Python Flask Pytest Docker GitHub License GitHub Actions Workflow Status Codecov

A service that allows Cursor to use Azure GPT-5 deployments by:

  • Adapting incoming Cursor completions API requests to the Responses API
  • Forwarding the requests to Azure
  • Adapting outgoing Azure Responses API streams into completions API streams

This project originates from Cursor's lack of support for Azure models that are only served through the Responses API. It will hopefully become obsolete as Cursor continues to improve its model support.

Warning

You still need an active paid Cursor subscription to be able to use this project.

Important

Azure now supports the Completions API for the models gpt-5, gpt-5-mini, and gpt-5-nano.

They can now be used directly in Cursor, but without the ability to change the Reasoning Effort / Verbosity / Summary Level. To do so, you can still use this project.

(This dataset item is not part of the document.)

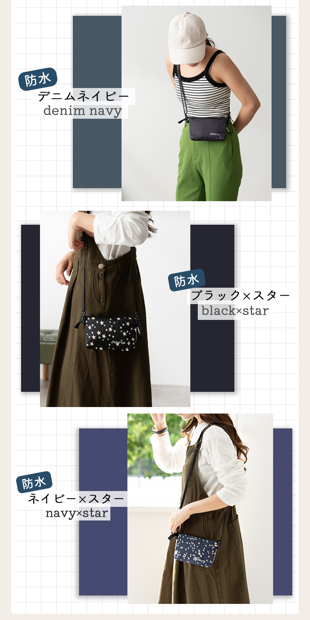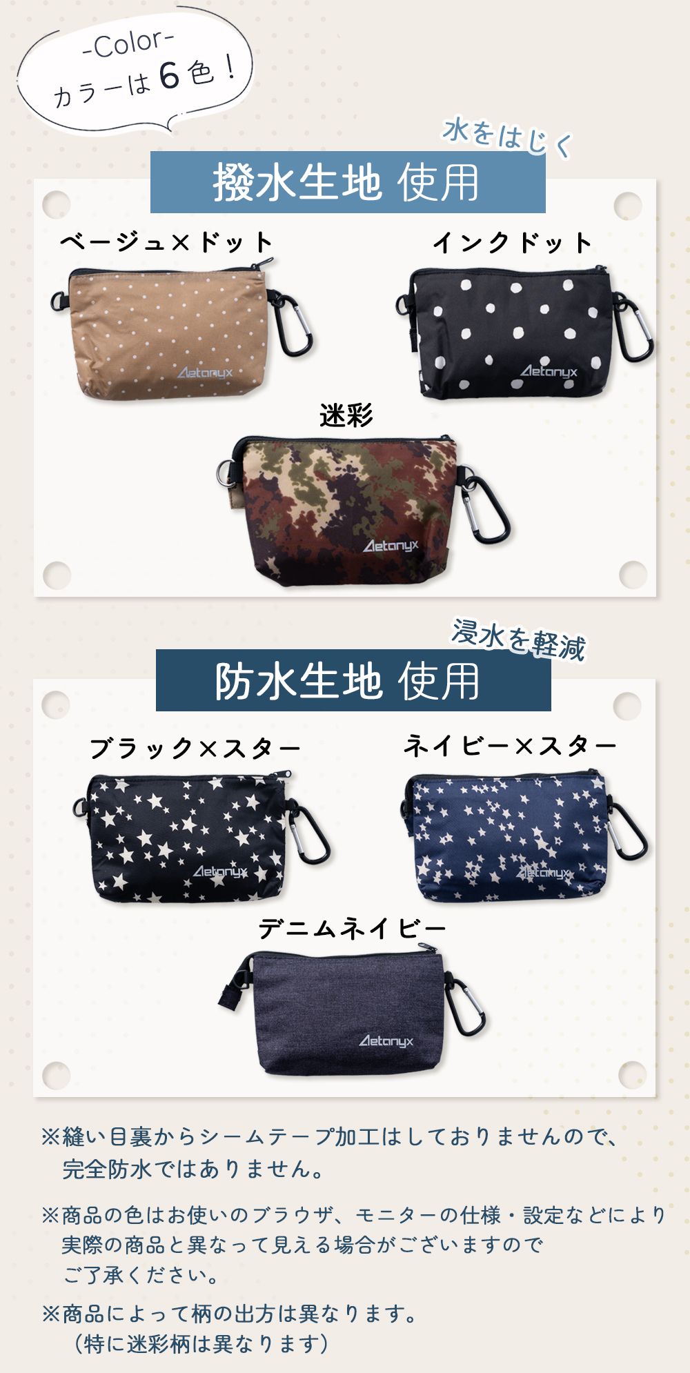 迷彩/インクドット/ベージュ×ドット/デニムネイビー/ブラック×スター/ネイビー×スター

The models gpt-5-pro and gpt-5-codex remain available only through the Responses API, but work great with this project (see list of specific model limitations in the next section).

Supported Models

The entire gpt-5 series is supported, although some models have some limitations on the reasoning effort / verbosity / truncation / summary values they accept:

Variable Value 5.2 5.2-chat 5.1 5.1-codex 5.1-codex-mini 5.1-codex-max 5 5-nano 5-mini 5-pro 5-codex
Reasoning minimal
low
medium
high
Verbosity low
medium
high
Truncation auto
disabled
Summary auto
detailed
concise

(This matrix is automatically generated, and updated after every new model release.)

Feature highlights

  • Switching between high/medium/low/minimal reasoning effort levels by selecting different models in Cursor.
  • Configuring different reasoning summary levels (auto, detailed, concise).
  • Displaying reasoning summaries in Cursor natively, like any other reasoning model.
  • Production-ready, so you can share the service among different users in an organization.
  • When running from a terminal, rich logging of the model's context on every request, including Markdown rendering, syntax highlighting, tool calls/outputs, and more.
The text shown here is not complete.